• _DIRECTIONS FOR THIS TASK_
In the entries below, find the line with "If 𝐴 ⊆ 𝐵 and" and the line with "----2023年一季度8米"; copy them and every line between them exactly, but not the pictures.

• _DATA TO EXAMINE_
################
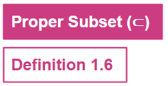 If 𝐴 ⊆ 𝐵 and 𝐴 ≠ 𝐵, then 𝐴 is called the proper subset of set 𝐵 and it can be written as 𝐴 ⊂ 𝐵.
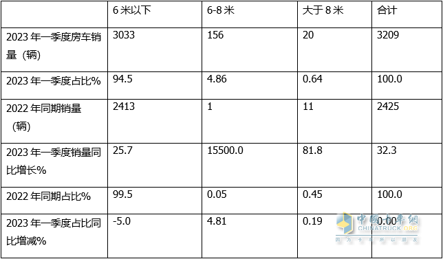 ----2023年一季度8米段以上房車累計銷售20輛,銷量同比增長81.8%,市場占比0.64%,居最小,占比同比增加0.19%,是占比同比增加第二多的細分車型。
################
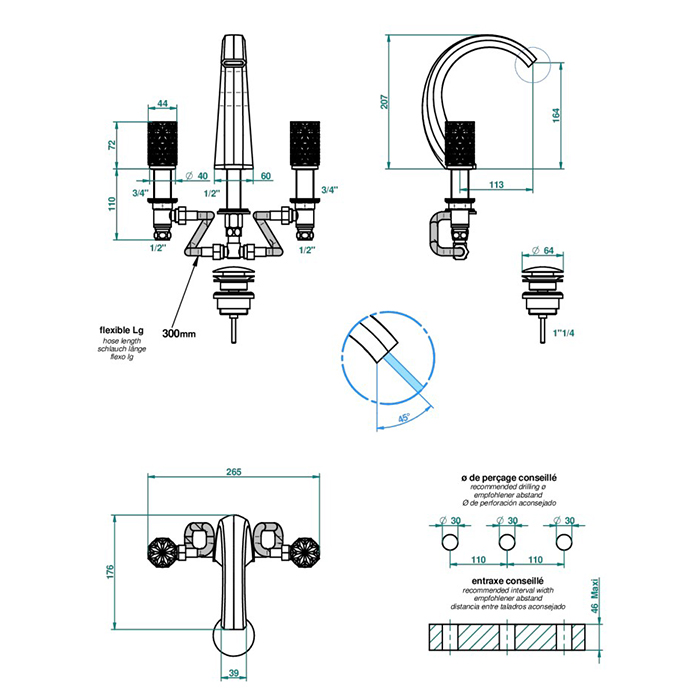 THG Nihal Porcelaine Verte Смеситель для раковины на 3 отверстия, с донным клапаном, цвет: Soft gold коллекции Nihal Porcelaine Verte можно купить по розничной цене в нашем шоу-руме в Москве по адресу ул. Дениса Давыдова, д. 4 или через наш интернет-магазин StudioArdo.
################
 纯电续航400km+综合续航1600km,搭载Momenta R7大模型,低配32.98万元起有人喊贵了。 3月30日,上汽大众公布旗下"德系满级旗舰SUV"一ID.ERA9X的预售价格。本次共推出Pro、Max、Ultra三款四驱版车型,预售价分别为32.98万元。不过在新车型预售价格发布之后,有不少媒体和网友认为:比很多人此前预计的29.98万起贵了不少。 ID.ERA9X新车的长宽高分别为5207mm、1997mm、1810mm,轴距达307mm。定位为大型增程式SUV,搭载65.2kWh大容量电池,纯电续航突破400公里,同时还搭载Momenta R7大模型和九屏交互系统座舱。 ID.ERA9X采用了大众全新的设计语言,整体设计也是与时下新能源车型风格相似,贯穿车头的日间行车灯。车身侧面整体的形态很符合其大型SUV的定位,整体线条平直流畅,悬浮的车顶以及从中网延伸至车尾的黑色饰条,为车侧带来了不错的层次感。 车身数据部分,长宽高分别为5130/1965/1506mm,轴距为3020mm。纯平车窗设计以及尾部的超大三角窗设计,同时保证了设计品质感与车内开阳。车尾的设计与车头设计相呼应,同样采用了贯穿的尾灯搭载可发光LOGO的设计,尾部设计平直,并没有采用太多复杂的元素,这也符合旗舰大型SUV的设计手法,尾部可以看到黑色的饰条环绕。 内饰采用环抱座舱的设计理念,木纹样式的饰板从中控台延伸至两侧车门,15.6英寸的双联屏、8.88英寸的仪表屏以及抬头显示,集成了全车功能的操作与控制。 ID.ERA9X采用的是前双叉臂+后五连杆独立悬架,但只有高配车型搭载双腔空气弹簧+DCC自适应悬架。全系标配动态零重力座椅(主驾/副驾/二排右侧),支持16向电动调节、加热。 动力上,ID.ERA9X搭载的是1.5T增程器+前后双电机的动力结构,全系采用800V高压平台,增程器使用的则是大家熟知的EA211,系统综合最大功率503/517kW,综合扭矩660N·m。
################
• _RESULT OF THIS TASK_
 If 𝐴 ⊆ 𝐵 and 𝐴 ≠ 𝐵, then 𝐴 is called the proper subset of set 𝐵 and it can be written as 𝐴 ⊂ 𝐵.
 ----2023年一季度8米段以上房車累計銷售20輛,銷量同比增長81.8%,市場占比0.64%,居最小,占比同比增加0.19%,是占比同比增加第二多的細分車型。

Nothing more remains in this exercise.